For large-scale buried objects, seismic surveys may be appropriate but these have, at best, 2m vertical resolution so may not be ideal for certain targets, more typically they are used to detect bedrock below the surface.

For relatively quick site surveys, bulk ground electrical conductivity surveys can be collected which identifies areas of disturbance of different ground but these can suffer from a lack of resolution. This recent Black Death investigation in central London shows an example. shows a successful woodland search for a cold case in woodland in New Zealand.

Ground-penetrating radar (or GPR) has a typical maximum depth below ground level (bgl) of 10 m, depending upon the antennae frequencies used, typically 50 MHz to 1.2 Gz. The higher the frequency the smaller the object that can be resolved but also penetration depths decrease, so operators need to think carefully when choosing antennae frequencies and, ideally, undertake trial surveys using different antennae over a target at a known depth onsite. GPR is the most popularly used technique in forensic search, but is not suitable in certain soil types and environments, e.g. coastal (i.e. salt-rich) and clay-rich soils (lack of penetration). 2D profiles can be relatively quickly collected and, if time permits, successive profiles can be used to generate 3D datasets which may resolve more subtle targets. Recent studies have used GPR to locate mass graves from the Spanish Civil War in mountainous and urban environments.
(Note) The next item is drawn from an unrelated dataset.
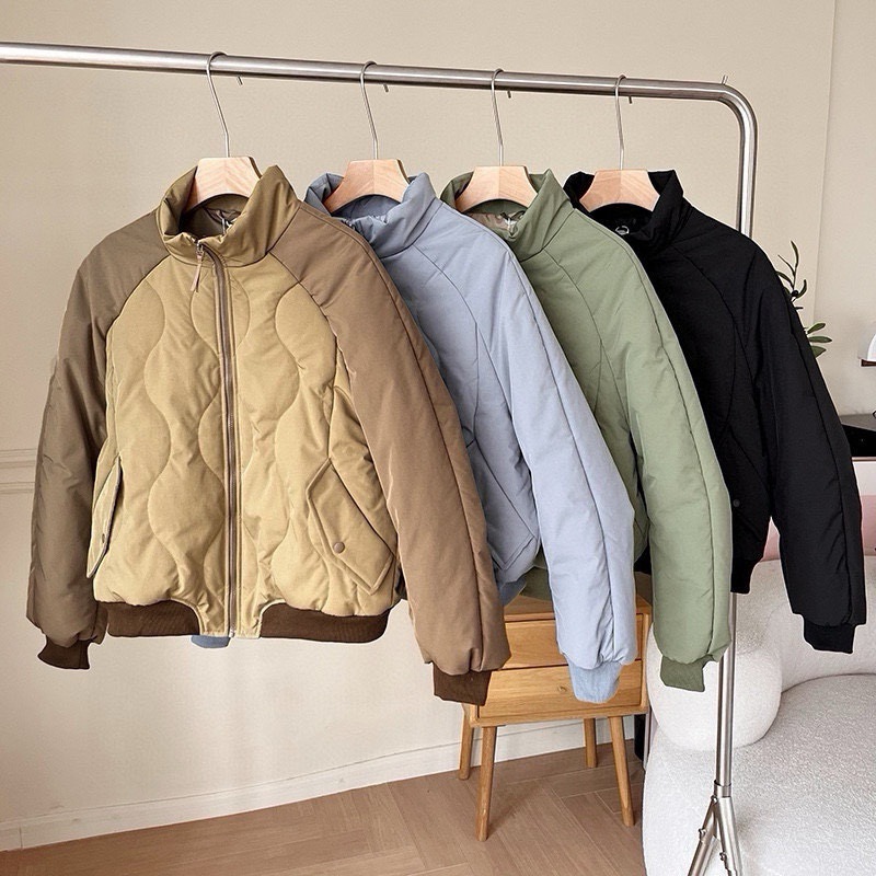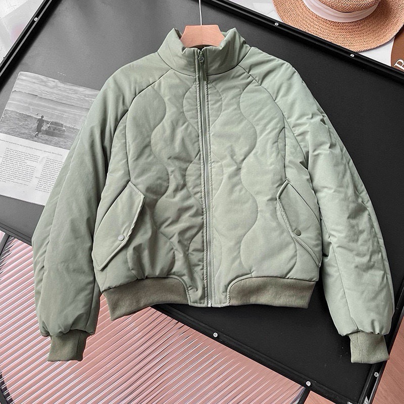 外贸原单!2024新款女士气绒夹克美式飞行员宽松立领羽绒棉衣夹棉!

Electrical resistivity methods can also detect objects, especially in clay-rich soil which would preclude the use of GPR. There are different equipment configurations, the dipole-dipole (fixed-offset) method is the most common which can traverse across an area, measuring resistivity variations at a set depth (typically 1-2x probe separations) which have been used in forensic searches. More slower methods are putting out many probes and collecting both spatially horizontally and vertically, called Electrical resistivity imaging (ERI). Multiple 2D profiles is termed electrical resistivity tomography (ERT).

Magnetometry can detect buried metal (or indeed fired objects such as bricks or even where surface fires were) using simple total field magnetometers, through to fluxgate gradiometers and high-end alkali vapour gradiometers, depending upon accuracy (and cost) required. Surface magnetic susceptibility has also shown recent promise for forensic search.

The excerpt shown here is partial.